Voted as a best employer for the second year in a row, Allstate India says Covid-19 drove the point home about the importance of employee well-being, and how the entire ecosystem benefits from it
Chetan Garga, VP and MD (left) and Monarch Limaye, chief HR officer
Image: Nishant Ratnakar for Forbes India
Allstate India has been voted as Best Employer for the second year in a row, and Chetan Garga, vice president and managing director, is thrilled about it. “We have realised and changed a few things at our end to get to this position,” he says. “We have become more employee-centric, and take an employee-first approach in all that we do. And the Covid-19 pandemic has driven home this point, in no small measure. If we think more about our employees’ situation, we will be a much more effective organisation. And the wholeecosystem also benefits from this.”
When the pandemic hit, Allstate India employees—about 6,000 people worked out of two centres, in Pune and Bengaluru—were working on desktops, in two shifts. When everyone shifted to work from home, the company realised that some of the employees did not even have internet connections at home, and were staying as paying guests, in shared accommodations. The company initially started shipping desktops to its employees, and then shipped laptops, UPSes, and internet dongles. More than 50 percent of the workforce, which is now spread across the country, continues to work from remote locations.

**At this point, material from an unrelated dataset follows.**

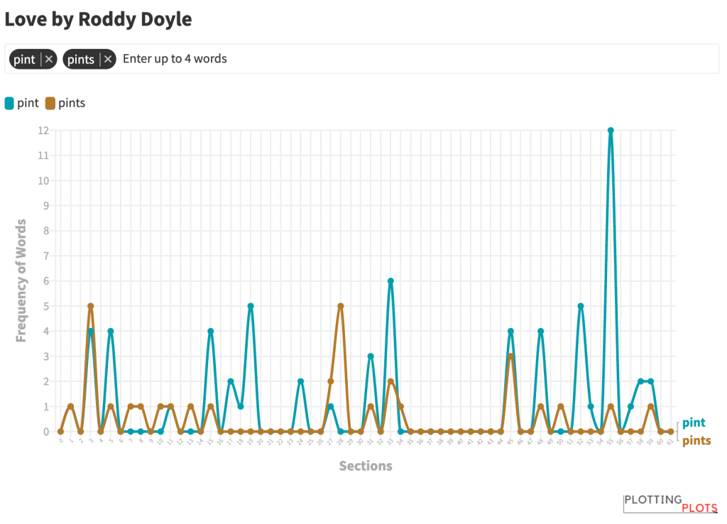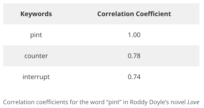 For Doyle’s book Love, I created a spreadsheet with the frequency of use for every word in the book. Since the book doesn’t have chapters, I used the section breaks (indicated with “***”) to identify the book’s structure. Then, I reviewed words associated with drinking to see which ones had the both high frequency of use and appeared throughout the book. Finally, using a common correlation coefficient formula, I compared the use of pint in the text to all 4,794 other unique words.

Monarch Limaye, CHRO at Allstate India—it is a subsidiary of and business services arm for insurance firm Allstate Corporation in the US—adds that although the past two years have been challenging in many ways, “the most challenging aspect has been to show employees that we care”, when everything has moved to a virtual world. Engaging with new employees who have joined within this period was another significant challenge. “We have been fast to learn. Where assimilation of new employees is concerned, two or three things have come to the fore. One is digitalisation: How to use and take the support of platforms and structures to communicate more, and bring out our core values, along with mentoring and buddy networks.”

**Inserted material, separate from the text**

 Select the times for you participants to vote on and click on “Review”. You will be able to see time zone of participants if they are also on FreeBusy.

The last two years have also seen a shift in the nature and requirement of HR functions, whether it be new ways of continuing with existing process, or innovating new ones. “A lot of business-as-usual HR functions have been transformed rapidly, with digitalisation as the focus,” says Limaye. “We have created more bandwidth for employees and managers by taking away some rudimentary tasks and HR processes into the realm of AI-powered tools. We have taken a whole lot of initiatives in the past two years, which have brought in more efficiency and visualisation into our processes, so that we can virtually work in an efficient way.”